With pictures removed, print the listing exactly.

__________________________________________________

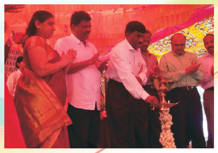
Honble Minister of Agriculture Shri Ramesh Tawadkar Inaugurating Krishi Mela.
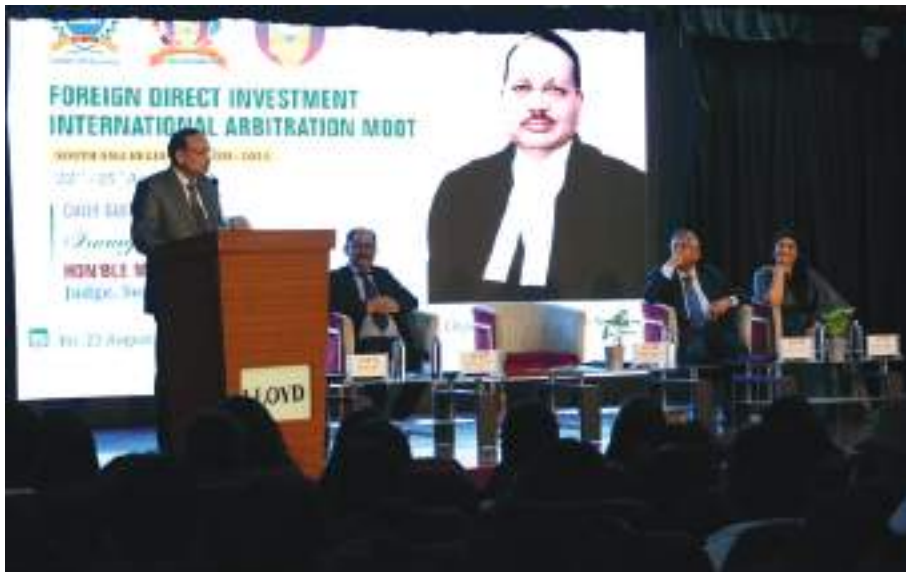
23 August 2024, Justice Surya Kant delivers a keynote address at the “South Asia Regional Round of Foreign Direct Investment International Arbitration Moot, 2024” organised by Lloyd Law College, Greater Noida
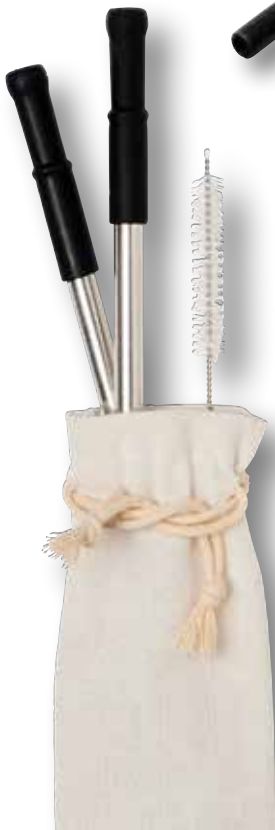
100574 LENA REUSABLE STAINLESS STRAW SET
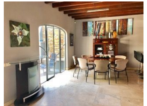
Included in Sale

Water Purification Water Cistern/Storage Water Electric City Sewage
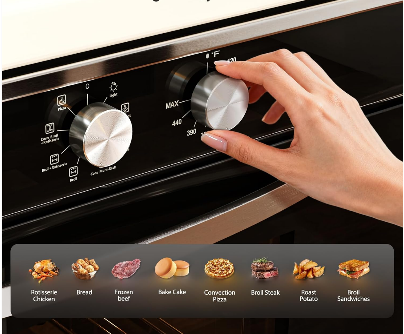
Image: Overview of the 8 cooking functions on the control knob.
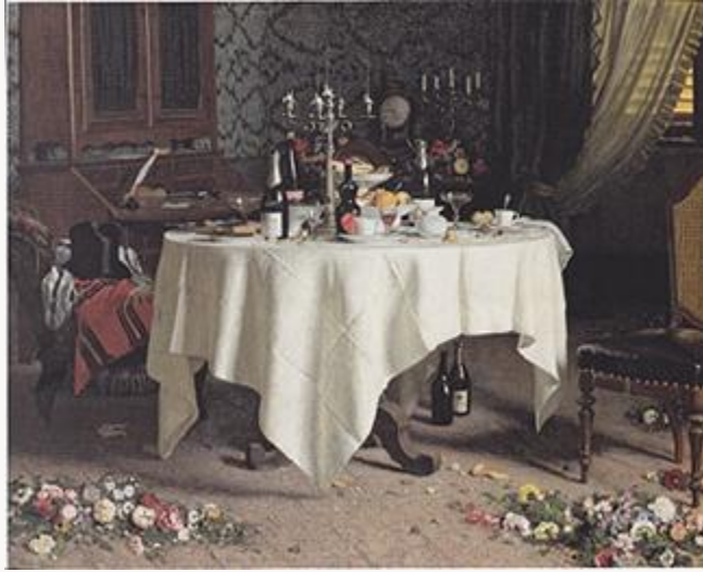
Fig. 17, Angelo Morbelli, Asphyxia I , 1884. Oil on canvas. Fondazione Guido ed Ettore de Fornaris, Galleria d'Arte Moderna e Contemporanea di Torino. [return to text]
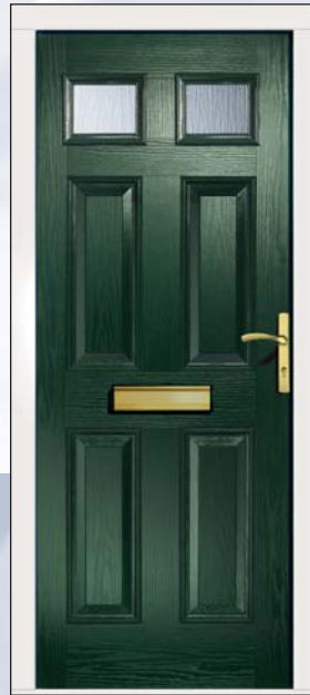
Camarque Two Glazed
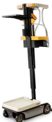
WAV 60 Series Work Assist Vehicle Load Capacity: 135 kg operator 90 kg load tray, 115 kg load deck Platform Lift Height: 2995 mm
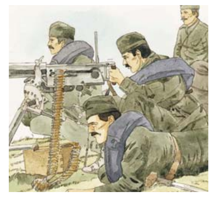
Jesus also revealed that there would be wars in all other parts of the world. Many people would die, and there would be terrible sadness. Jesus said the Saints should be faithful during these hard times.
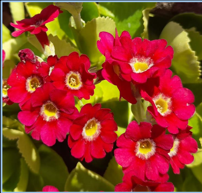
Primula 'Rufus' – Cilla Dodd
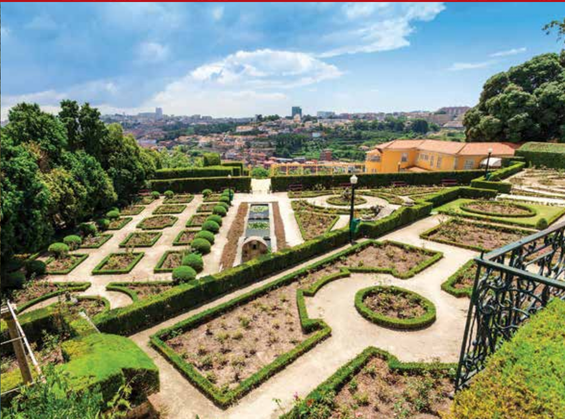
Crystal Palace Gardens, Porto
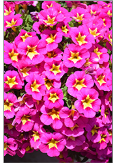
Bumble Bee Hot Pink Calibrachoa flowers

This plant will require occasional maintenance and upkeep. Trim off the flower heads after they fade and die to encourage more blooms late into the season. It is a good choice for attracting bees and hummingbirds to your yard, but is not particularly attractive to deer who tend to leave it alone in favor of tastier treats. It has no significant negative characteristics.
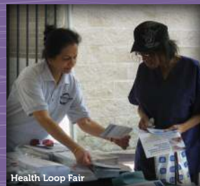
Health Loop Fair
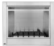
Stainless Steel Safety Screen (optional)
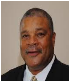
Emery Moorehead Super Bowl Champion Chicago Bears
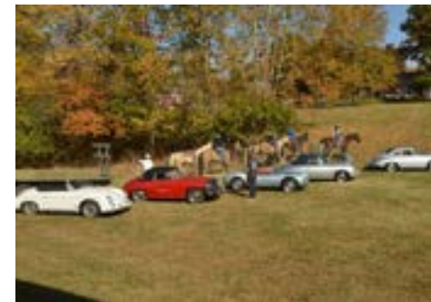
What's better than Porsches, horses and of course chilli on a nice fall day.

There was an amazing array of ten crock pots full of chili, and the dessert table was overflowing with delectable items. The pumpkin flavored Whoopie Pies were wonderful!
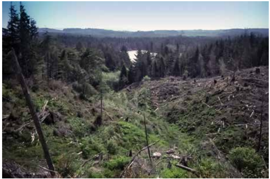
Forest management practices were by far the most commonly reported risk related to land use.

Land use. Next to infrastructure, interviewees expressed the greatest con-
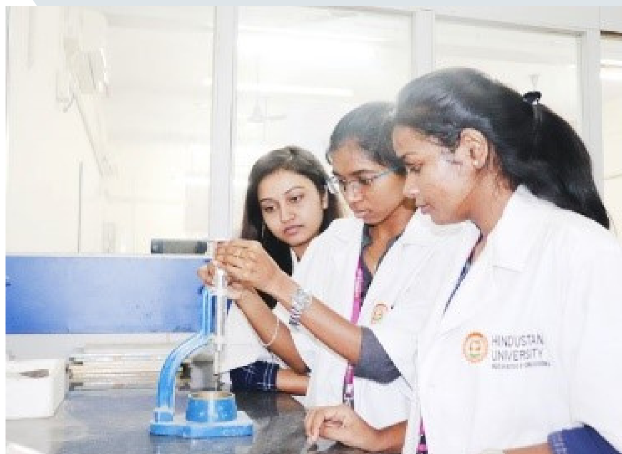
Environment Engineering Lab
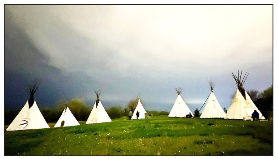
Fourteen days ago under cover of darkness, we raised seven tipis on Snell Hill and established the Niskíthe Prayer Camp. With those lodges, we stated unequivocally that we will not tolerate erasure in our city government, and we will not accept exclusion from conversations that impact our sacred ceremonial sites. With our camp, we declared we are still here, we are strong, we will remain.
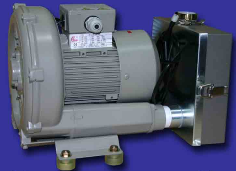
Vacuum pump + filter
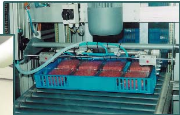
Pick & place unit
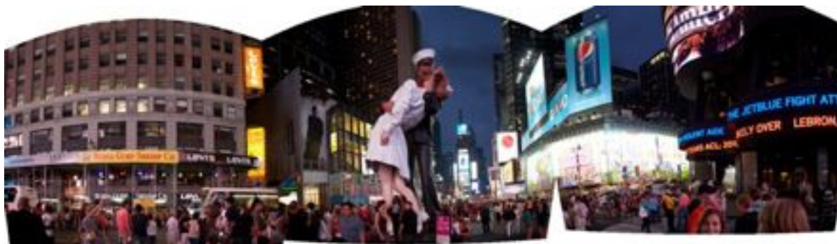
On the inaugural Spirit of '45 Day in 2010, thousands of people gathered around a giant Seward Johnson sculpture of the famous "kiss" seen around the world on August 14, 1945 that was brought in to New York's Times Square.
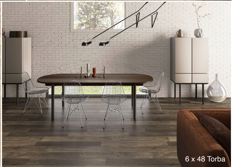
6 x 48 Torba

Colors are intended as a guide only and may vary from actual tile. Sizes listed are nominal. Please check samples before making final selection and to get actual dimensions for layout. See reverse side for additional product information.
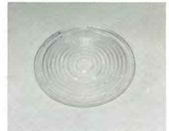
27 509 02 : 150mm dia. Fresnel Lens

27 234 89 : Lampray Knob, pkt. 5 27 242 34 : Tilt Disc Clamp Assby, pair 27 243 13 : Fixing Screw Pack, pkt. 60
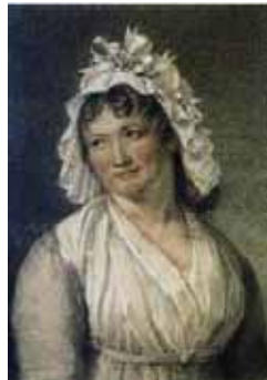
Saint – Jeune servante
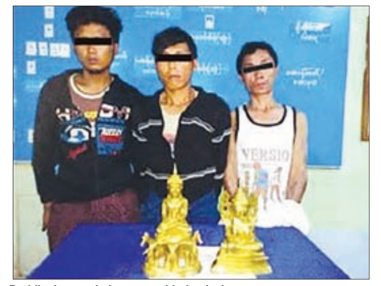
Buddha images being seen with the dealers. Photo: Thein Than (IPRD)

According to a connected investigation, the police searched the home of Tun Aung from Pan Maung village and seized two Buddha images. The police have taken action against them.— Thein Than (IPRD)
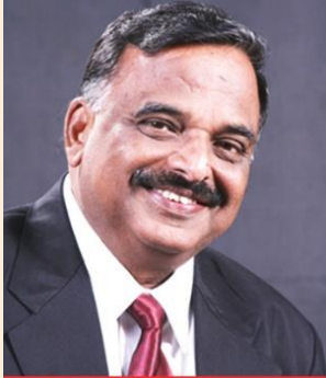
Founder & Chairman

“Arise awake and stop not till the goal is achieved”
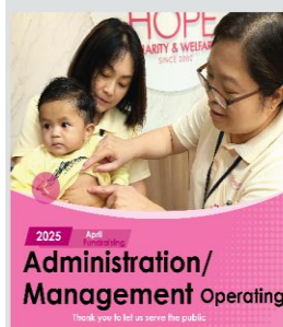
2025 April Fundraising Administration/ Management Operating Thank you to let us serve the public

__________________________________________________

-- Solution --
Honble Minister of Agriculture Shri Ramesh Tawadkar Inaugurating Krishi Mela.
23 August 2024, Justice Surya Kant delivers a keynote address at the “South Asia Regional Round of Foreign Direct Investment International Arbitration Moot, 2024” organised by Lloyd Law College, Greater Noida
100574 LENA REUSABLE STAINLESS STRAW SET
Included in Sale

Water Purification Water Cistern/Storage Water Electric City Sewage
Image: Overview of the 8 cooking functions on the control knob.
Fig. 17, Angelo Morbelli, Asphyxia I , 1884. Oil on canvas. Fondazione Guido ed Ettore de Fornaris, Galleria d'Arte Moderna e Contemporanea di Torino. [return to text]
Camarque Two Glazed
WAV 60 Series Work Assist Vehicle Load Capacity: 135 kg operator 90 kg load tray, 115 kg load deck Platform Lift Height: 2995 mm
Jesus also revealed that there would be wars in all other parts of the world. Many people would die, and there would be terrible sadness. Jesus said the Saints should be faithful during these hard times.
Primula 'Rufus' – Cilla Dodd
Crystal Palace Gardens, Porto
Bumble Bee Hot Pink Calibrachoa flowers

This plant will require occasional maintenance and upkeep. Trim off the flower heads after they fade and die to encourage more blooms late into the season. It is a good choice for attracting bees and hummingbirds to your yard, but is not particularly attractive to deer who tend to leave it alone in favor of tastier treats. It has no significant negative characteristics.
Health Loop Fair
Stainless Steel Safety Screen (optional)
Emery Moorehead Super Bowl Champion Chicago Bears
What's better than Porsches, horses and of course chilli on a nice fall day.

There was an amazing array of ten crock pots full of chili, and the dessert table was overflowing with delectable items. The pumpkin flavored Whoopie Pies were wonderful!
Forest management practices were by far the most commonly reported risk related to land use.

Land use. Next to infrastructure, interviewees expressed the greatest con-
Environment Engineering Lab
Fourteen days ago under cover of darkness, we raised seven tipis on Snell Hill and established the Niskíthe Prayer Camp. With those lodges, we stated unequivocally that we will not tolerate erasure in our city government, and we will not accept exclusion from conversations that impact our sacred ceremonial sites. With our camp, we declared we are still here, we are strong, we will remain.
Vacuum pump + filter
Pick & place unit
On the inaugural Spirit of '45 Day in 2010, thousands of people gathered around a giant Seward Johnson sculpture of the famous "kiss" seen around the world on August 14, 1945 that was brought in to New York's Times Square.
6 x 48 Torba

Colors are intended as a guide only and may vary from actual tile. Sizes listed are nominal. Please check samples before making final selection and to get actual dimensions for layout. See reverse side for additional product information.
27 509 02 : 150mm dia. Fresnel Lens

27 234 89 : Lampray Knob, pkt. 5 27 242 34 : Tilt Disc Clamp Assby, pair 27 243 13 : Fixing Screw Pack, pkt. 60
Saint – Jeune servante
Buddha images being seen with the dealers. Photo: Thein Than (IPRD)

According to a connected investigation, the police searched the home of Tun Aung from Pan Maung village and seized two Buddha images. The police have taken action against them.— Thein Than (IPRD)
Founder & Chairman

“Arise awake and stop not till the goal is achieved”
2025 April Fundraising Administration/ Management Operating Thank you to let us serve the public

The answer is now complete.